First, we required the CM layers to be dynamically robust in dense grids, acting as effective diffusion barriers against long-range atomic transport along the pulsing direction upon extensive cycling. The CM crystal should therefore have a much higher melting temperature (Tm) and smaller in-plane lattice parameter than that of the PCM layer. Second, the CM should be chemically unreactive and weakly coupled (for example, through weak covalent and/or van der Waals interactions) with the PCM layer, to keep the heterostructure interfaces intact at all operation temperatures. Strong CM-PCM interfacial bonding needs to be avoided because it may pin down the outer atomic layers in the PCM slab toward its crystalline structure, making the remaining amorphous fraction difficult to be sustained at nanoscale (31, 32). Third, the CM layers should have local (short to medium range) atomic arrangements (such as octahedral motifs) similar to that of the crystalline PCM counterpart, which could help speed up crystallization of the amorphous PCM. Fourth, the CM layers need to be thermally resistive to serve as effective barriers to prevent through-plane heat loss during programming, thus reducing the required programming bias (energy). Fifth, the CM layers should have similar electrical resistivity as compared with that of the PCM layers, maintaining the resistance window suitable for programming.
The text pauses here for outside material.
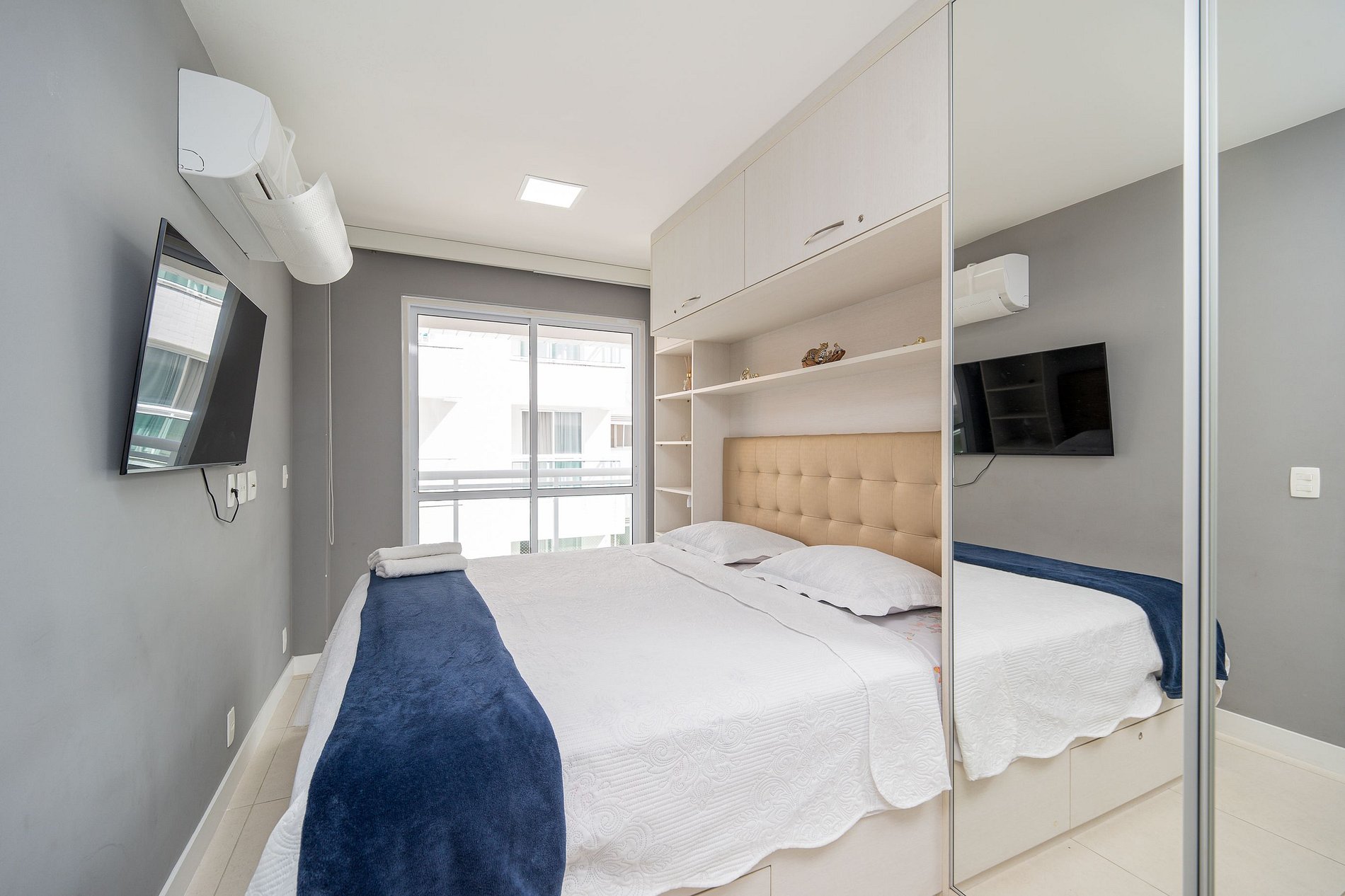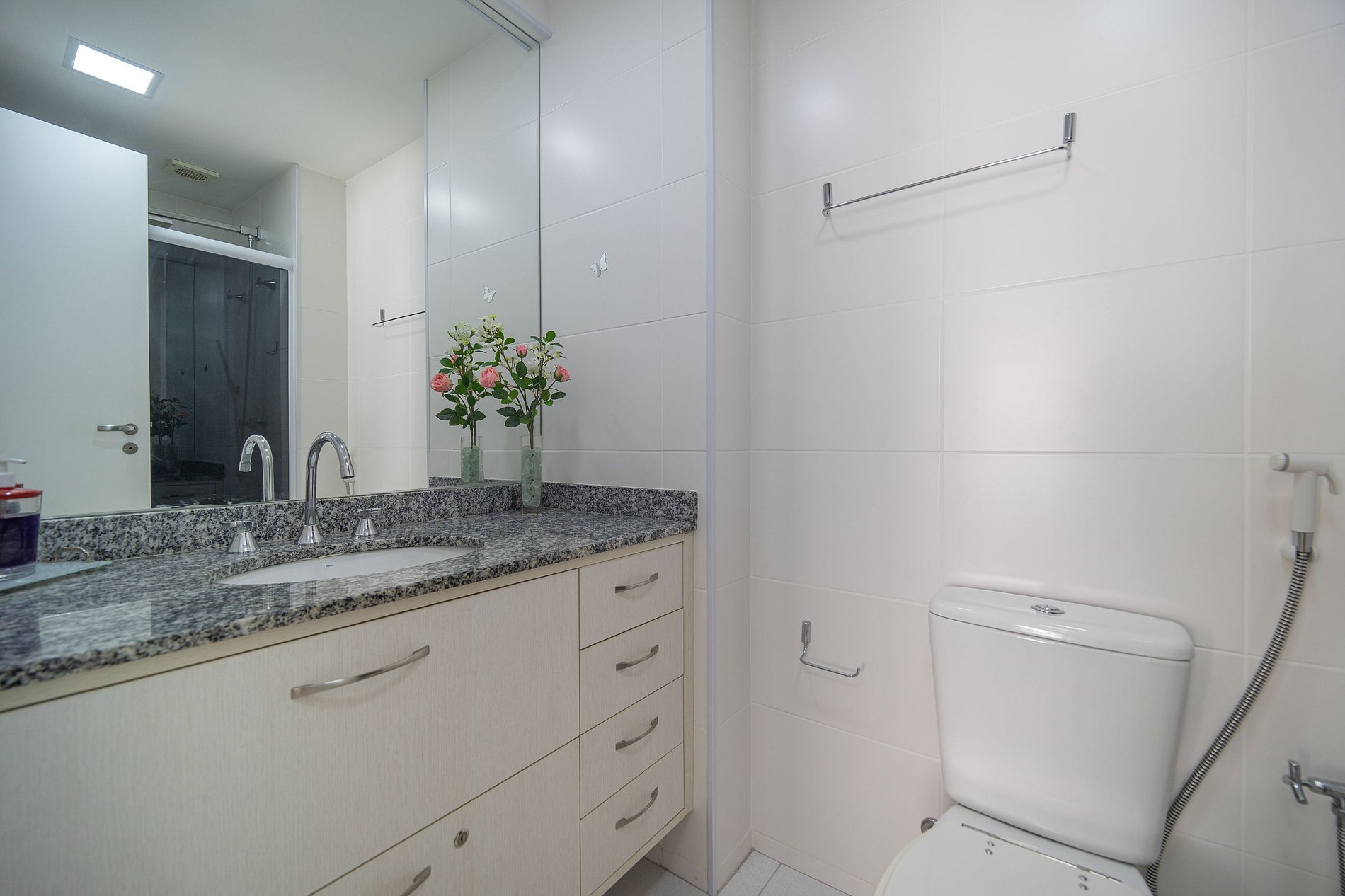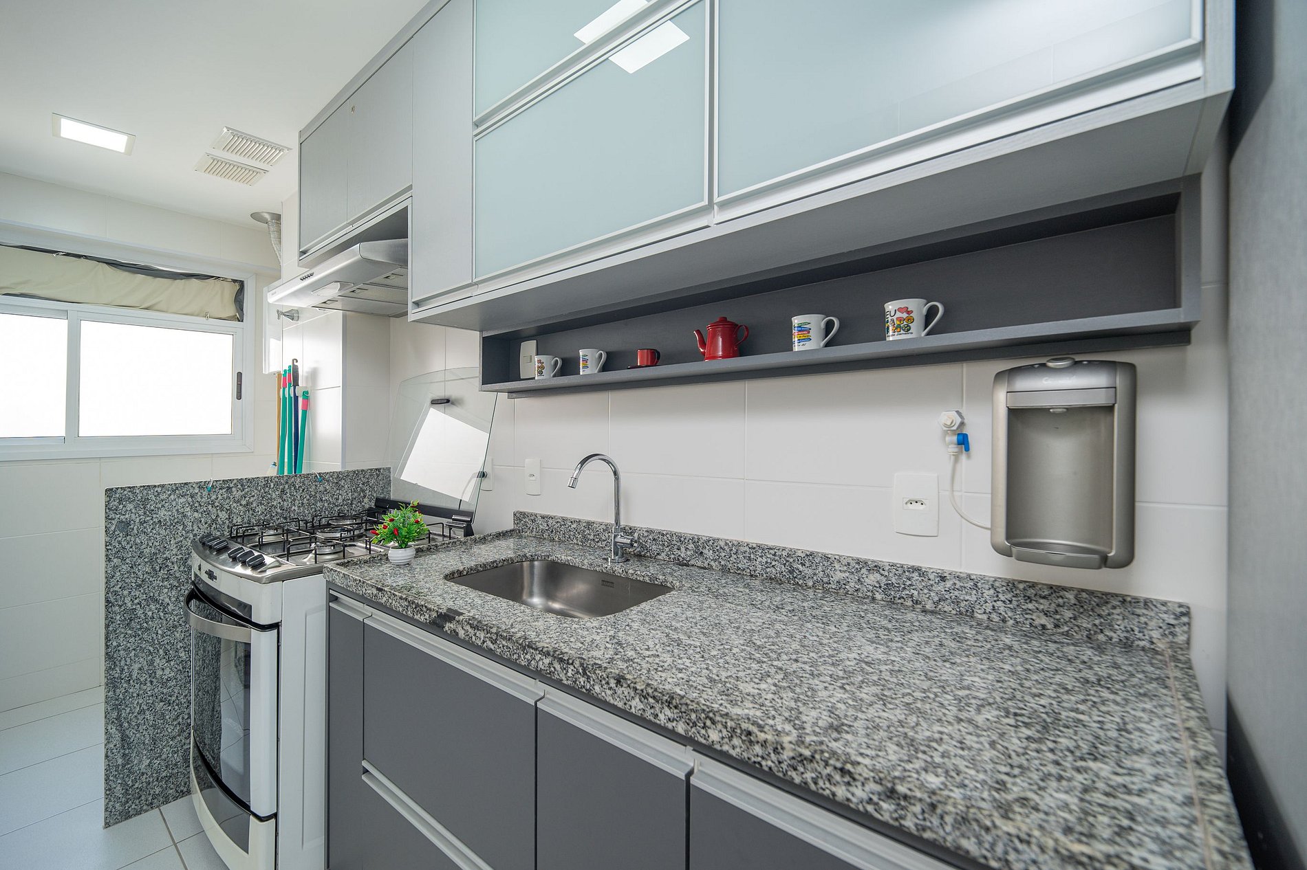 Oferecemos 3 quartos climatizados, sala, cozinha equipada e uma ampla varanda. Além disso, nosso prédio possui 2 vagas de garagem, piscina aquecida, sauna e churrasqueira (uso mediante agendamento);

Sixth, the CM selection should be compatible with the current PCMs and CMOS technology, without involving undesirable or excessive elements.

After we screened potential candidate systems on the basis of the above criteria, we found that the transition-metal dichalcogenides MX2—with X = Te and M = Ti, Zr, Ni, or Mo, for example—were suitable choices for the CM. Although there are plenty of MX2-PCM combinations, we used CM = TiTe2 and PCM = Sb2Te3 because this combination was experimentally verified to be weakly coupled (33). The TiTe2/Sb2Te3 couple satisfies all our criteria because TiTe2 has a much higher Tm of ~1470 K, a lower thermal conductivity of ~0.12 W m−1 K−1, a comparable electrical resistivity of ~1.3 × 10−6 ohm m, and a similar octahedral arrangement with a smaller in-plane lattice parameter of ~3.77 Å (Fig. 1C) in comparison with Sb2Te3 (~900 K, ~0.78 W m−1 K−1, ~3 × 10−5 ohm m, and ~4.26 Å, respectively) (Fig. 1D) (33). Density functional theory (DFT) calculations (34) indicate a more favorable cohesive energy of TiTe2 (–0.694 eV per atom) as compared with Sb2Te3 (–0.119 eV per atom). Crystal orbital Hamilton population (COHP) analyses (34) indicate that both TiTe2 (Fig. 1C) and Sb2Te3 (Fig. 1D) are chemically robust, as evidenced by the absence of antibonding interaction at the Fermi level. In particular, the Ti–Te bonds are of high chemical strength owing to the pure stabilizing contribution below the Fermi level.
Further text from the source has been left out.